In the last 25 years, photographer David McMillan went back to Chernobyl and Pripyat over twenty times, and collected all his photographical material in a book titled The Zone that brings us testimonies of the desolation reigning over the exclusion zone.
It was the night of April 26,1986, when one of the reactors at Chernobyl Nuclear Power Plant exploded. The roof was destroyed, and a cloud of radioactive material was generated. In the following two weeks, it caused the death of thousands of people, and over 350,000 were evacuated.
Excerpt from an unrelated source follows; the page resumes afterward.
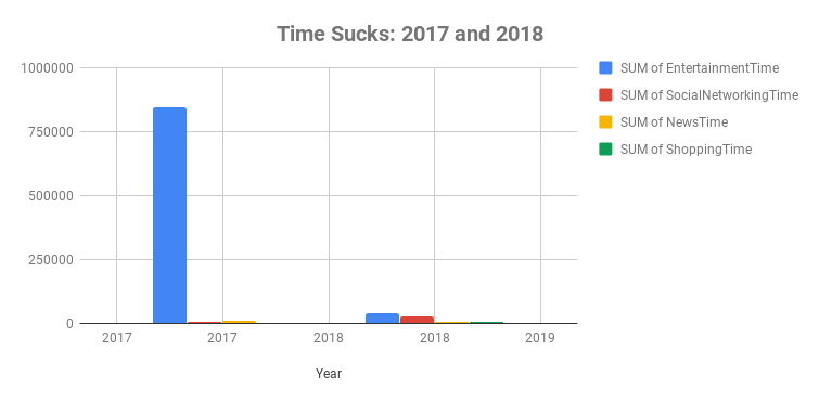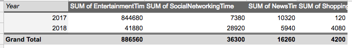 Following the steps from the last section, let’s create another pivot table to explore a few different time sucks in my life, like entertainment, social media and news sites.

A few days after the accident, a so-called exclusion zone was established on a 30 km2area around the plant, and its inhabitants had to flee their homes.
The Chernobyl disaster is considered the worst nuclear power plant accident in history, a horrible story that marked and changed the past few decades.
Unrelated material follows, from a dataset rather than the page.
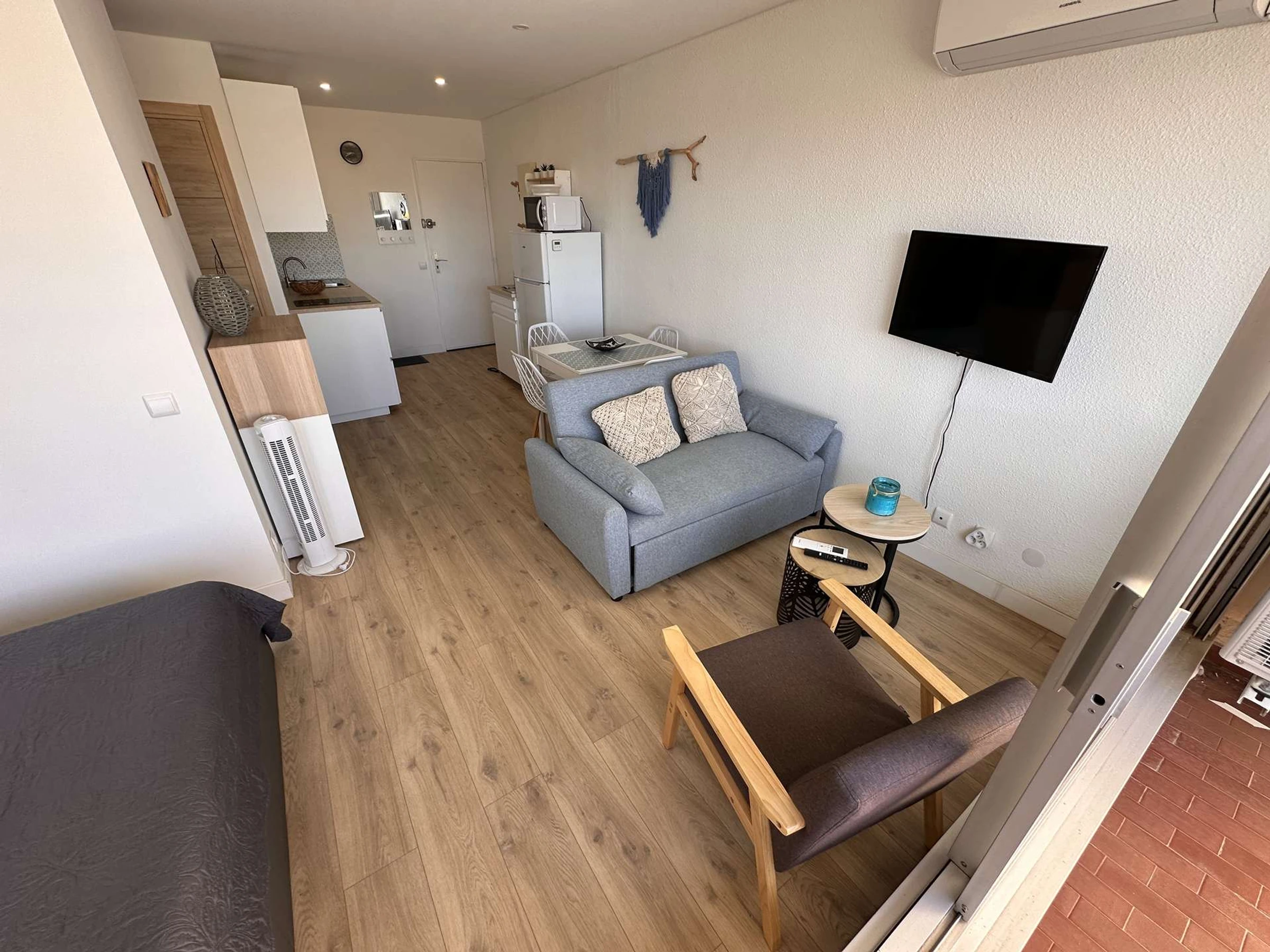 D’une surface de 31 m², ce logement lumineux offre une vue dégagée sur le port de plaisance, la piscine et les espaces verts de la résidence.

David McMillan defied the dangers of contamination to bring us testimonies of time’s effects on a place that could otherwise have gone forgotten, buried under the passing years.
In 1994, during his first journey through the exclusion zone, the photographer was not sure of what he would find. Now his shots reveal it. In 1986, the evacuation came so unexpected that people had to leave their homes, offices, schools and public buildings right on the spot, and David found the city just as it was left.
Going back regularly to these same places has also allowed him to capture the marks that the passing of time has been leaving on them. On the crumbling walls, in the nature that takes over playgrounds and buildings, on the decaying books and billboards.
And yet, although objects and buildings will eventually go lost, the people they belonged to will not be forgotten.